The interesting thing is the timing. The code looks longer than it really is because of the #ifdefs to get timing with both Microsoft's CL compiler v17.00 and with gcc 4.8.3 on Cygwin.
cl /O2 /DEXPLICIT_RESET=0 test.c /Fetest.exe
./test.exe
Typical timing values on my system are 20000-25000.
cl /O2 /DEXPLICIT_RESET=1 test.c /Fetest.exe
./test.exe
Typical timing values 2500-3000.
gcc -O3 -DEXPLICIT_RESET=0 test.c -o test
./test.exe
Typical timing values 8000-10000. (These are not comparable, as I skipped a scaling factor that should be applied with Win32 code.)

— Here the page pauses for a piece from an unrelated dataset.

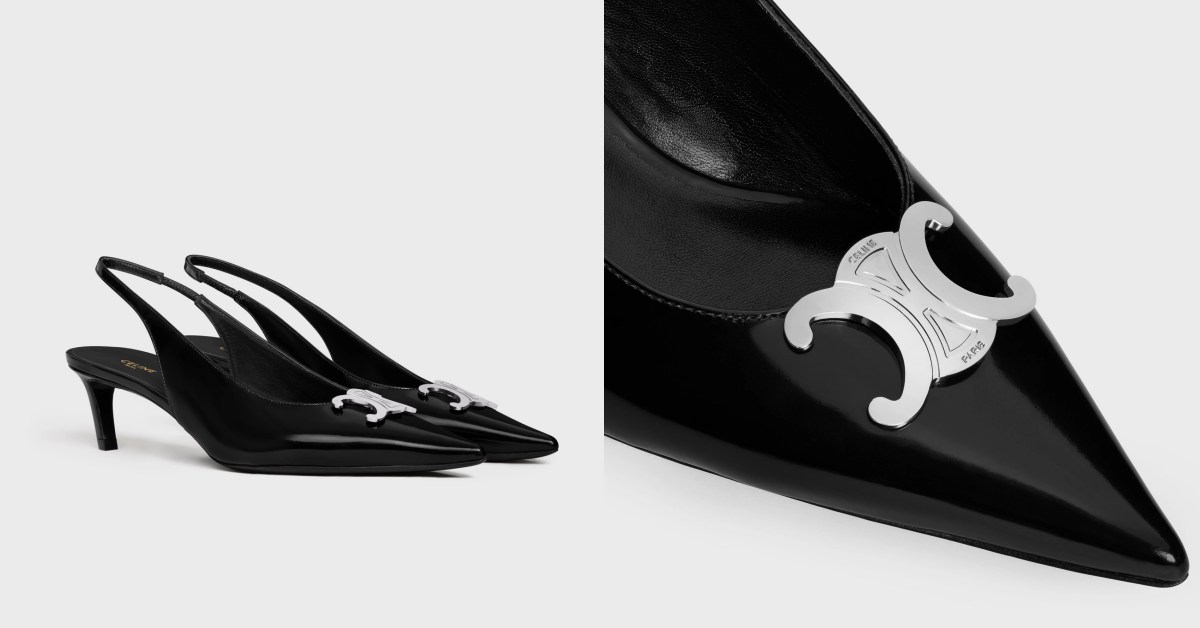 百看不膩的TRIOMPHE標誌融合尖頭鞋的設計就是意圖使人淪陷!喜歡乾淨利落穿搭風格的妞妞可以參考CELINE這款光面牛皮革ALMA TRIOMPHE露跟鞋,由100%牛皮革製成,銀色的凱旋門標誌將跟鞋的質感提升,日常搭配洋裝或西裝褲都OK!

gcc -O3 -DEXPLICIT_RESET=1 test.c -o test
./test.exe
Typical timing value 1000.
You can play around with simplifying the data structures further, but they are already close to the limit that still provokes the described behavior.
Can I get the fast access without the explicit initialization?
In my real program, it takes much too long to reset the memory explicitly, so I want to rely on calloc. But of course I want the accessed memory to be fast. So at the moment I'm stuck: Either slow initialization on top of calloc, or slow access.
#include <stdio.h>
#include <stdlib.h>
#ifdef _WIN32
#include <windows.h>
#include <time.h>
LARGE_INTEGER tu0, tu1;
#else
#include <sys/time.h>
struct timeval tu0, tu1;
#endif
struct dataType
{
int dummy1[4];
int dummy2;
};
struct blockType
{
int value;
struct dataType list[16];
};
struct pageType
{
struct blockType * list;
};
#define BLOCKS_PER_PAGE 100000
int main(int argc, char * argv[])
{
int timing, j, sum = 0;
struct pageType * pagep = (struct pageType *)
calloc(1, sizeof(struct pageType));
pagep->list = (struct blockType *)
calloc(BLOCKS_PER_PAGE, sizeof(struct blockType));
#if EXPLICIT_RESET
for (j = 0; j < BLOCKS_PER_PAGE; j++)
pagep->list[j].value = 0;
#endif
#ifdef _WIN32
QueryPerformanceCounter(&tu0);
#else
gettimeofday(&tu0, NULL);
#endif
for (j = 0; j < BLOCKS_PER_PAGE; j++)
sum += pagep->list[j].value;
#ifdef _WIN32
QueryPerformanceCounter(&tu1);
timing = tu1.QuadPart - tu0.QuadPart;
#else
gettimeofday(&tu1, NULL);
timing = 1000000 * (tu1.tv_sec - tu0.tv_sec )
+ (tu1.tv_usec - tu0.tv_usec);
#endif
printf("sum is %d, timing is %d\n", sum, timing);
exit(0);
}